▸ What you need to do
Only the lines from the start of the data to the line containing "پیام تبریک فرماندار", both included, should be output, exactly and without pictures.

▸ Dataset excerpt
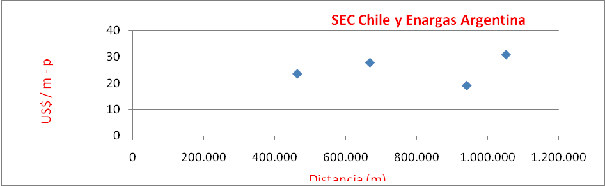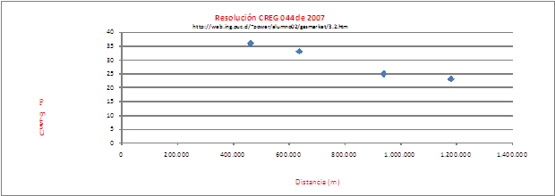 Si se corrigen esos valores, se hace evidente que las economías de escala por longitud que la CREG encontró en los anteriores análisis (para tomar la Decisión CREG 044 de 2007) ya no son contundentes. Esto ocurre porque el costo unitario del gasoducto Gas Andes, que tiene la menor longitud, cuando se ajustan los valores de la inversión de Atacama y Gas Pacífico, muestra comparativamente un menor valor.
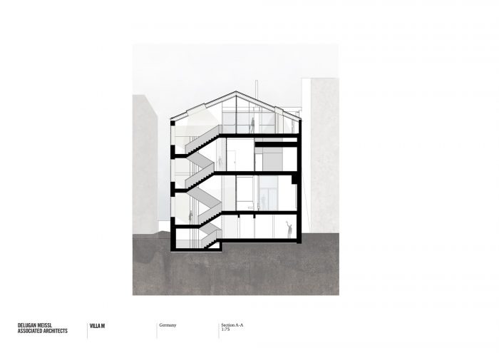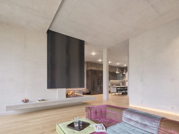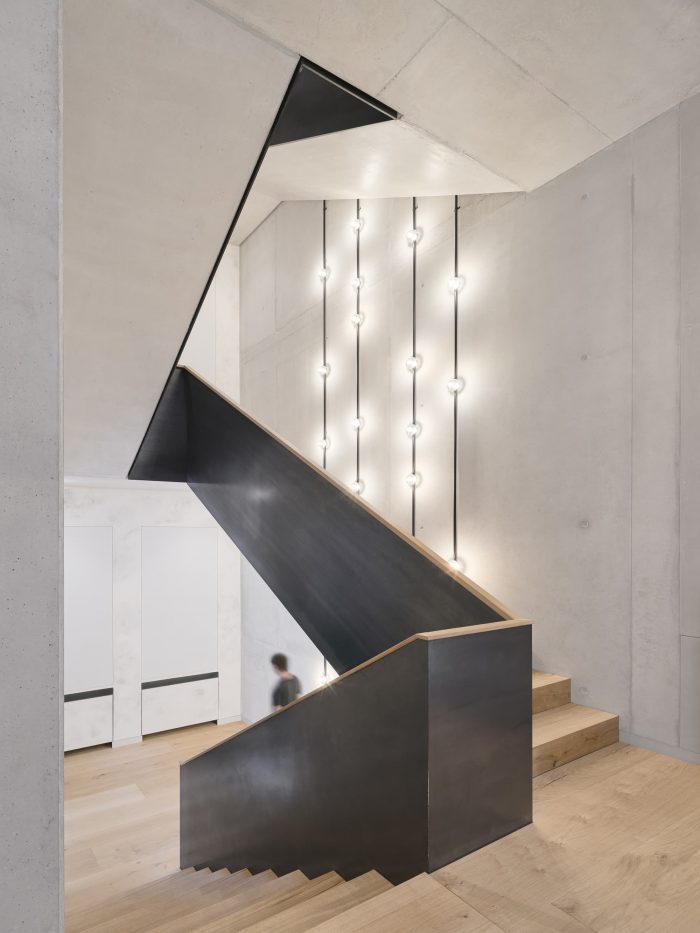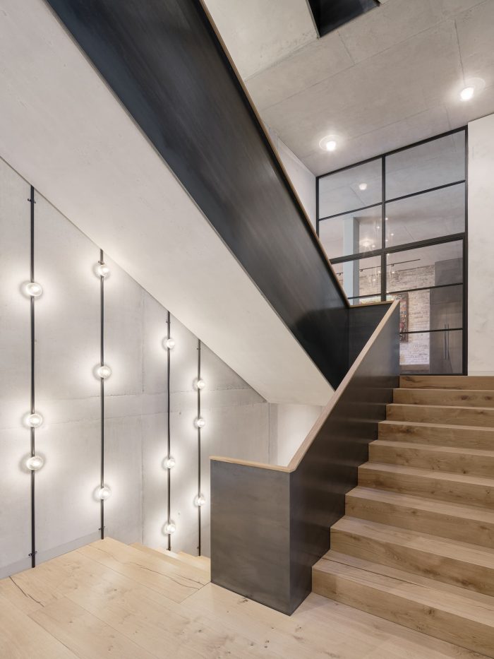 Upon entering the house through the historic entryway, the imposing open staircase immediately draws attention. High-exposed concrete walls, intriguing light installations, and a full raw steel railing introduce the industrial look that was consistently implemented throughout the house. Elegant floor-to-ceiling steel loft doors emphasize the characteristic original heights of the ceilings, which were retained after the existing building was largely gutted.
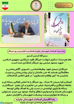 پیام تبریک فرماندار شهرستان چایپاره بهمناسبت فرارسیدن روز خبرنگار
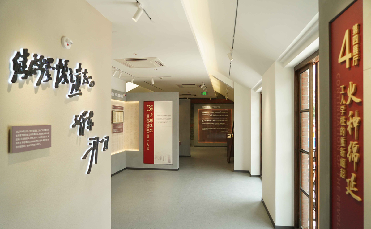 步入新馆,参观者可以看到四大展区,包括“火红序幕:建党前夕的小沙渡”“峥嵘起步:中共发起组领导的工人半日学校”“荣耀征途:中国劳动组合书记部领导的上海第一工人补习学校”“火种绵延:工人学校的重新崛起”。重点展陈了中国共产党建党初期共产党人普及党的知识、传播党的理念、巩固扩大党的阶级基础等事迹历程。

▸ Response area
 Si se corrigen esos valores, se hace evidente que las economías de escala por longitud que la CREG encontró en los anteriores análisis (para tomar la Decisión CREG 044 de 2007) ya no son contundentes. Esto ocurre porque el costo unitario del gasoducto Gas Andes, que tiene la menor longitud, cuando se ajustan los valores de la inversión de Atacama y Gas Pacífico, muestra comparativamente un menor valor.
 Upon entering the house through the historic entryway, the imposing open staircase immediately draws attention. High-exposed concrete walls, intriguing light installations, and a full raw steel railing introduce the industrial look that was consistently implemented throughout the house. Elegant floor-to-ceiling steel loft doors emphasize the characteristic original heights of the ceilings, which were retained after the existing building was largely gutted.
 پیام تبریک فرماندار شهرستان چایپاره بهمناسبت فرارسیدن روز خبرنگار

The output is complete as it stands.